● RECORDED DATA:
++++++++++++++++++++

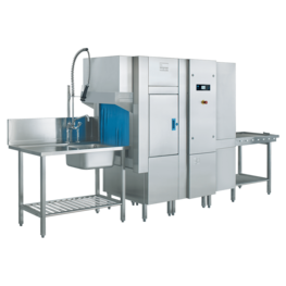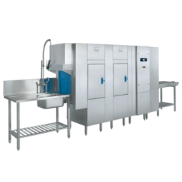 El KA-86 de MEIKO tiene la increíble capacidad de adaptarse a los procesos que necesite. Los platos, vasos, cacerolas, bandejas de horno y cubiertos tienen cada uno sus propios requisitos de proceso de lavado específicos, y este lavavajillas es capaz de obtener buenos resultados en todos ellos. El bajo consumo de agua de 0.92 litros (0.24 galones) por cesta mantiene una capacidad máxima de 355 cestas/hora. Las tres velocidades de transporte permiten adaptarse con eficacia a los distintos niveles de suciedad para obtener la limpieza que necesita.
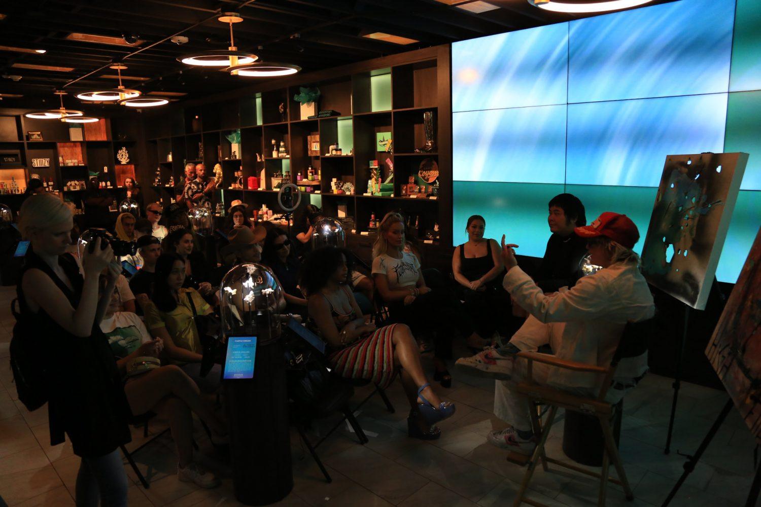 As the month of June rounds out another massively successful Pride celebration, luxury Cannabis boutique HerbNJoy hosted a conversation with Strike Oil Creative Director, artist, philanthropist, and activist Nats Getty in discussion with Reserved Magazine. The evening’s chat covered the rich local tradition of seaside skate and surf weed culture and how it informed various defining moments for Getty’s rebellious youth. From this punk forward visual language the designer and creative has grown a loyal customer which extends into the world of media, having dressed Machine Gun Kelly, Lil Huddy, Iann Dior, as well as the Oscar nominated Kodi Smit-Mcphee. The conversation pivoted to speak on the current social climate surrounding LGBTQIA+ youth and the chosen family dynamic that has been cultivated among the room of queer creatives allies and fems. A serious point of dialogue focused on the varying ways which Nats and his wife social media personality and model Gigi Gorgeous had seen various injustices that they still struggle with on the daily. The tone shifted deeper into serious matters when discussing and acknowledging that in this room full of love, support, and spirit that most were fortunate to have surrounding reality of most trans youth. An overall impactful night which saw the progression and reflection of where the queer community is going. Proceeds of sales from the evening went to support GLAAD.
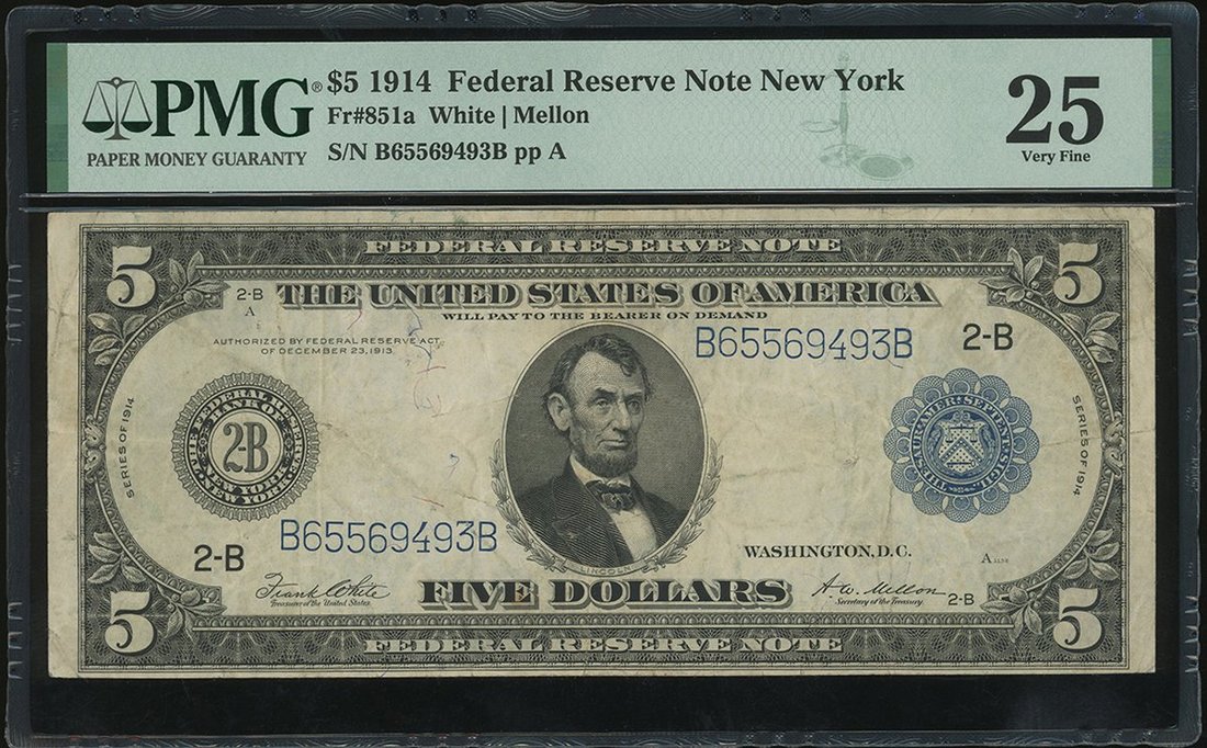United States, Federal Reserve Note, $5, 1914, serial number B65569493B, blue seal, New York issue, signed by White and Mellon,
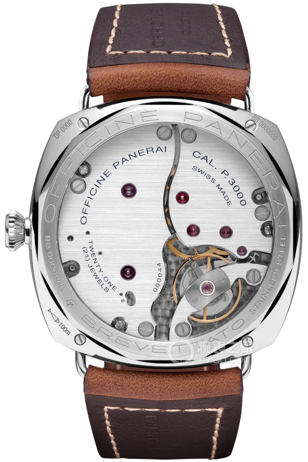 Basic Information Number: PAM00424 Brand: Panerai Series: Raedermill Movement Type: Manual Mechanical Gender: Men’s Movement Model: Cal.P.3000 Movement Type: Manual Mechanical Manufacturer: Panerai Movement Diameter: 37.2 mm Movement Thickness: 5.3 mm Balance Wheel: Glucydur® Balance Wheel Frequency: 21,600 vibrations per hour Shock Resistance: Incabloc Shock Resistance Jewels: 21 Number of Parts: 164 Power Reserve: 72 hours Appearance Case Diameter: 47 mm Case Thickness: Not available Dial Color: Black Dial Shape: Round Strap Color: Brown Buckle Type: Pin Buckle Case Back: Transparent Case Back, Sapphire Crystal Weight: Not available Water Resistance: 100 meters Hour Marker Type: Roman Numerals, Arabic Numerals Clasp Spacing: Not available Lug Spacing: 27 The watch features a case made of polished AISI 316L stainless steel with detachable linear lugs, a Panerai patented design. The dial material is currently unavailable. The bezel is stainless steel. The crystal is sapphire crystal. The crown is stainless steel, a screw-down winding crown engraved with the “OP” logo. The strap is a genuine leather strap engraved with the PANERAI logo. The buckle is made of stainless steel. This watch has no other special functions. Thanks to the helpful user “不戴ル不改名” for making corrections to the product specifications.
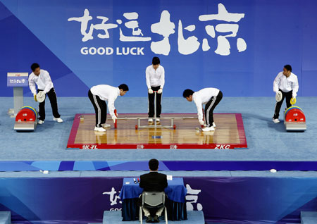 Technical workers prepare the stage before competition in the 2008 Good Luck Beijing International Weightlifting Invitational tournament at the Beijing University of Aeronautics & Astronautics Gymnasium in Beijing January 22, 2008. The gymnasium will be the venue of the weightlifting competition of the Beijing Olympic Games, which will open on August 8. [Agencies]
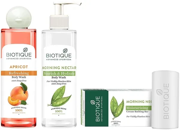 Biotique Morning Nectar Nourish & Hydrate Body Wash For Visibly Flawless Skin, 200mlThis purifying body wash is a blend of pure haridra, Usheer, gehun, gulab, madhu and ritha to gently wash impurities, without disturbing the skin's ph balance. It helps to celanse, softens and bring out the body natural ingredients.Biotique Basil & Parsley Revitalizing Body Wash, 200mlThis clear body wash is a blend of pure basil, parsley, margosa, wheat germ and coconut oil, to gently wash away body impurities, without disturbing the skin’s natural ph balance.Biotique Bio Morning Nectar Flawless Cream Bathing Bar, 150gThis soap is blended with nourishing almond and coconut oils, mixed with turmeric and wild turmeric, to gently wash away body impurities, without disturbing the skin natural ph balance. Recommended for sensitive skin type.
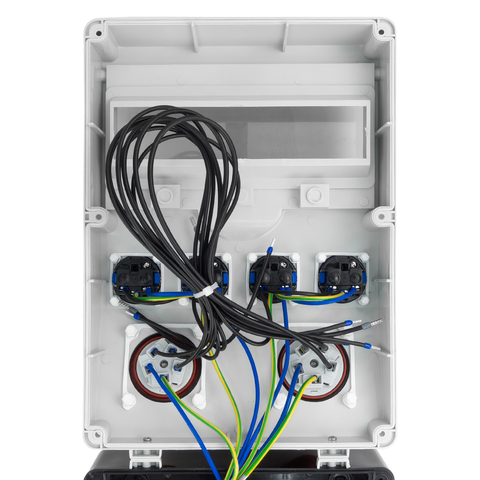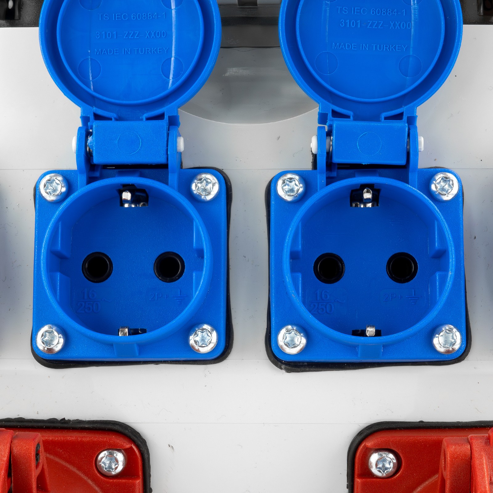 Rozdzielnica budowlana została wyposażona w gniazda 230V oraz gniazda siłowe. Jednoczesne podłączenie kilku urządzeń zapewniają dostępne cztery gniazda 230V. Dopełnieniem wszechstronności erbetki są dwa gniazda CEE 400V 16A i 32A.
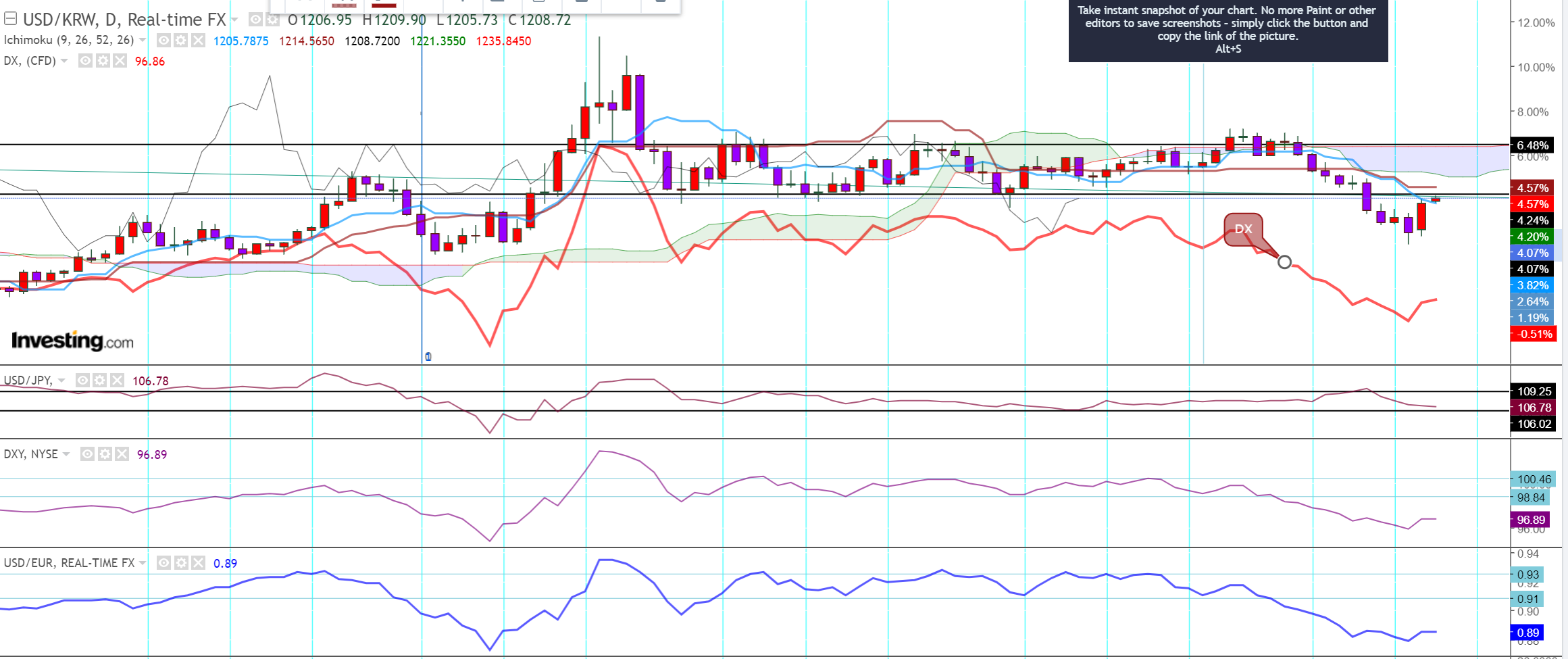 환율 - 급등까지는 아니고 그래도 올랐슴. 단기급등이라, 좀더 봐야하고, 달러인덱스 포지션이 주말에 어떻게 변하는지보고 다음주 대응.

++++++++++++++++++++

● AIM OF THE TASK: Give every record again without changing a word. Exclude the pictures.

● EXPECTED ANSWER:
 El KA-86 de MEIKO tiene la increíble capacidad de adaptarse a los procesos que necesite. Los platos, vasos, cacerolas, bandejas de horno y cubiertos tienen cada uno sus propios requisitos de proceso de lavado específicos, y este lavavajillas es capaz de obtener buenos resultados en todos ellos. El bajo consumo de agua de 0.92 litros (0.24 galones) por cesta mantiene una capacidad máxima de 355 cestas/hora. Las tres velocidades de transporte permiten adaptarse con eficacia a los distintos niveles de suciedad para obtener la limpieza que necesita.
 As the month of June rounds out another massively successful Pride celebration, luxury Cannabis boutique HerbNJoy hosted a conversation with Strike Oil Creative Director, artist, philanthropist, and activist Nats Getty in discussion with Reserved Magazine. The evening’s chat covered the rich local tradition of seaside skate and surf weed culture and how it informed various defining moments for Getty’s rebellious youth. From this punk forward visual language the designer and creative has grown a loyal customer which extends into the world of media, having dressed Machine Gun Kelly, Lil Huddy, Iann Dior, as well as the Oscar nominated Kodi Smit-Mcphee. The conversation pivoted to speak on the current social climate surrounding LGBTQIA+ youth and the chosen family dynamic that has been cultivated among the room of queer creatives allies and fems. A serious point of dialogue focused on the varying ways which Nats and his wife social media personality and model Gigi Gorgeous had seen various injustices that they still struggle with on the daily. The tone shifted deeper into serious matters when discussing and acknowledging that in this room full of love, support, and spirit that most were fortunate to have surrounding reality of most trans youth. An overall impactful night which saw the progression and reflection of where the queer community is going. Proceeds of sales from the evening went to support GLAAD.
United States, Federal Reserve Note, $5, 1914, serial number B65569493B, blue seal, New York issue, signed by White and Mellon,
 Basic Information Number: PAM00424 Brand: Panerai Series: Raedermill Movement Type: Manual Mechanical Gender: Men’s Movement Model: Cal.P.3000 Movement Type: Manual Mechanical Manufacturer: Panerai Movement Diameter: 37.2 mm Movement Thickness: 5.3 mm Balance Wheel: Glucydur® Balance Wheel Frequency: 21,600 vibrations per hour Shock Resistance: Incabloc Shock Resistance Jewels: 21 Number of Parts: 164 Power Reserve: 72 hours Appearance Case Diameter: 47 mm Case Thickness: Not available Dial Color: Black Dial Shape: Round Strap Color: Brown Buckle Type: Pin Buckle Case Back: Transparent Case Back, Sapphire Crystal Weight: Not available Water Resistance: 100 meters Hour Marker Type: Roman Numerals, Arabic Numerals Clasp Spacing: Not available Lug Spacing: 27 The watch features a case made of polished AISI 316L stainless steel with detachable linear lugs, a Panerai patented design. The dial material is currently unavailable. The bezel is stainless steel. The crystal is sapphire crystal. The crown is stainless steel, a screw-down winding crown engraved with the “OP” logo. The strap is a genuine leather strap engraved with the PANERAI logo. The buckle is made of stainless steel. This watch has no other special functions. Thanks to the helpful user “不戴ル不改名” for making corrections to the product specifications.
 Technical workers prepare the stage before competition in the 2008 Good Luck Beijing International Weightlifting Invitational tournament at the Beijing University of Aeronautics & Astronautics Gymnasium in Beijing January 22, 2008. The gymnasium will be the venue of the weightlifting competition of the Beijing Olympic Games, which will open on August 8. [Agencies]
 Biotique Morning Nectar Nourish & Hydrate Body Wash For Visibly Flawless Skin, 200mlThis purifying body wash is a blend of pure haridra, Usheer, gehun, gulab, madhu and ritha to gently wash impurities, without disturbing the skin's ph balance. It helps to celanse, softens and bring out the body natural ingredients.Biotique Basil & Parsley Revitalizing Body Wash, 200mlThis clear body wash is a blend of pure basil, parsley, margosa, wheat germ and coconut oil, to gently wash away body impurities, without disturbing the skin’s natural ph balance.Biotique Bio Morning Nectar Flawless Cream Bathing Bar, 150gThis soap is blended with nourishing almond and coconut oils, mixed with turmeric and wild turmeric, to gently wash away body impurities, without disturbing the skin natural ph balance. Recommended for sensitive skin type.
 Rozdzielnica budowlana została wyposażona w gniazda 230V oraz gniazda siłowe. Jednoczesne podłączenie kilku urządzeń zapewniają dostępne cztery gniazda 230V. Dopełnieniem wszechstronności erbetki są dwa gniazda CEE 400V 16A i 32A.
 환율 - 급등까지는 아니고 그래도 올랐슴. 단기급등이라, 좀더 봐야하고, 달러인덱스 포지션이 주말에 어떻게 변하는지보고 다음주 대응.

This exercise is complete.